FIRST RECORD OF EQUUS OCCIDENTALIS FROM ORANGE COUNTY, CALIFORNIA, WITH IMPLICATIONS FOR THE LATE PLEISTOCENE DISTRIBUTION OF EQUUS IN THE AMERICAN SOUTHWEST
In the late Pleistocene, two morphospecies of large stout-limbed horses have been documented from the American southwest: Equus occidentalis from California, west of the Sierra Nevadas and south-southwest of the Transverse Ranges, and Equus scotti from the central Mojave Desert. These species are readily distinguished dentally; E. scotti possesses lower incisor infundibula, while E. occidentalis lacks them. The presence of two large, stout-limbed equine morphs in the southwest, with no evident geographic overlap, suggests (in combination with fossils of small horses) that multiple horse species inhabited the region during the late Pleistocene. However, fully diagnostic remains of E. occidentalis and/or E. scotti are known from only five localities in the region. Assessing whether the hypothesized distribution of these two large horse morphs is real, or instead is an artifact of the dearth of diagnostic material, therefore requires additional fossils.

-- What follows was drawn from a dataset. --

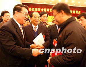 中共中央政治局常委李長(zhǎng)春三月七日到政協(xié)十屆一次會(huì)議文化藝術(shù)界聽取委員們的建議意見后,與電影演員兼導(dǎo)演的姜文交談。作者:賈國(guó)榮
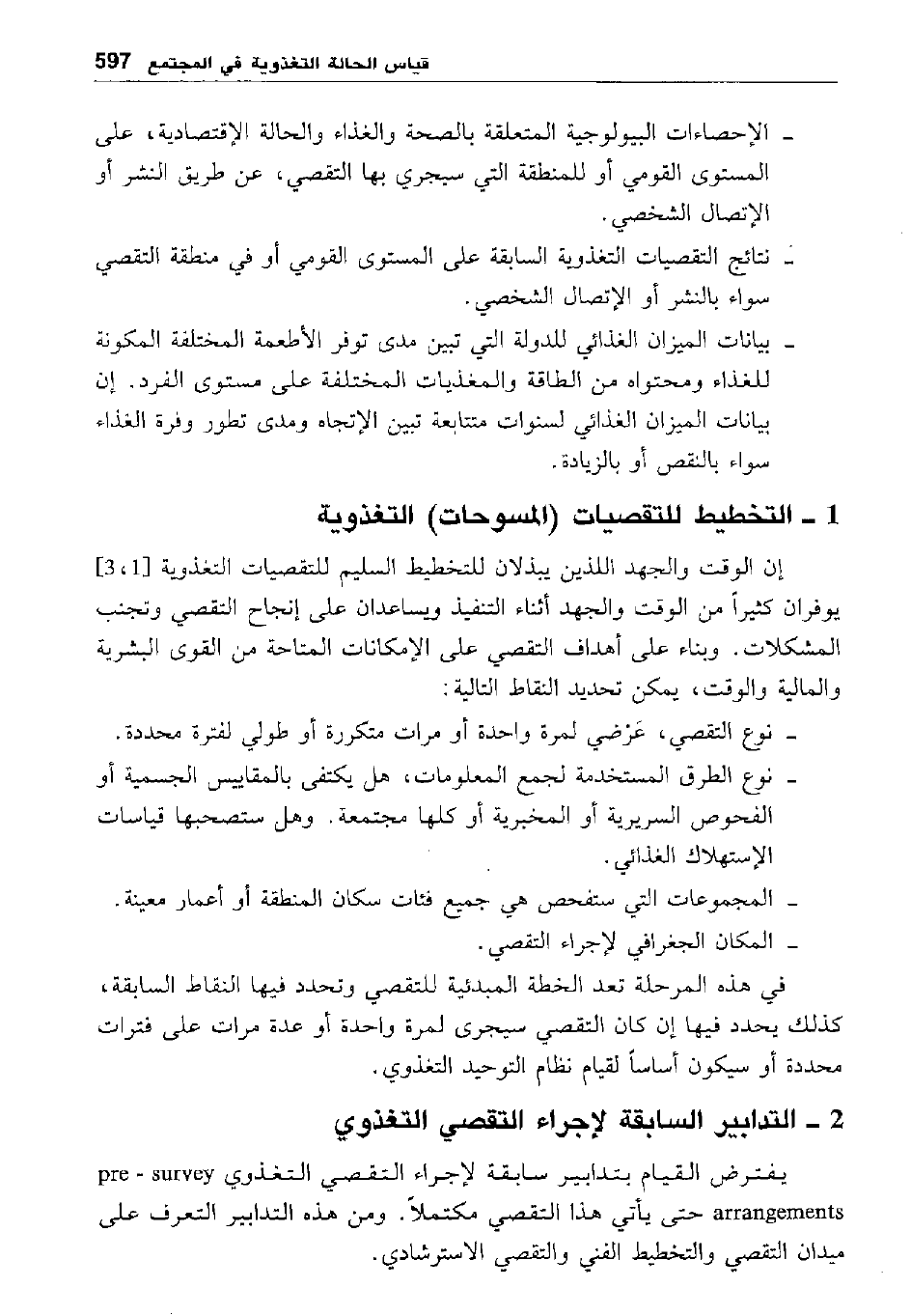 1- التخطيط للتقصيات "المسوحات" التغذوية:

To test this hypothesis, we examined a previously undescribed late Pleistocene horse from San Juan Capistrano, Orange County, California. Remains include a skull, mandible, articulated right hind leg, and other postcrania recovered from nonmarine terrace deposits that also yielded remains of Bison, an index taxon for the late Pleistocene. Metric data confirm that this is a large species of horse; the metapodials are stout rather than slender, while the lower incisors lack infundibula. These characters demonstrate clear affinity with Equus occidentalis. Based upon size and morphology, this is the first confirmed record of E. occidentalis from Orange County.
The presence of Equus occidentalis in this region accords well with the hypothesized distribution of late Pleistocene large stout-limbed Equus in the American southwest. Our results indicate that multiple horse species inhabited North America during the late Pleistocene.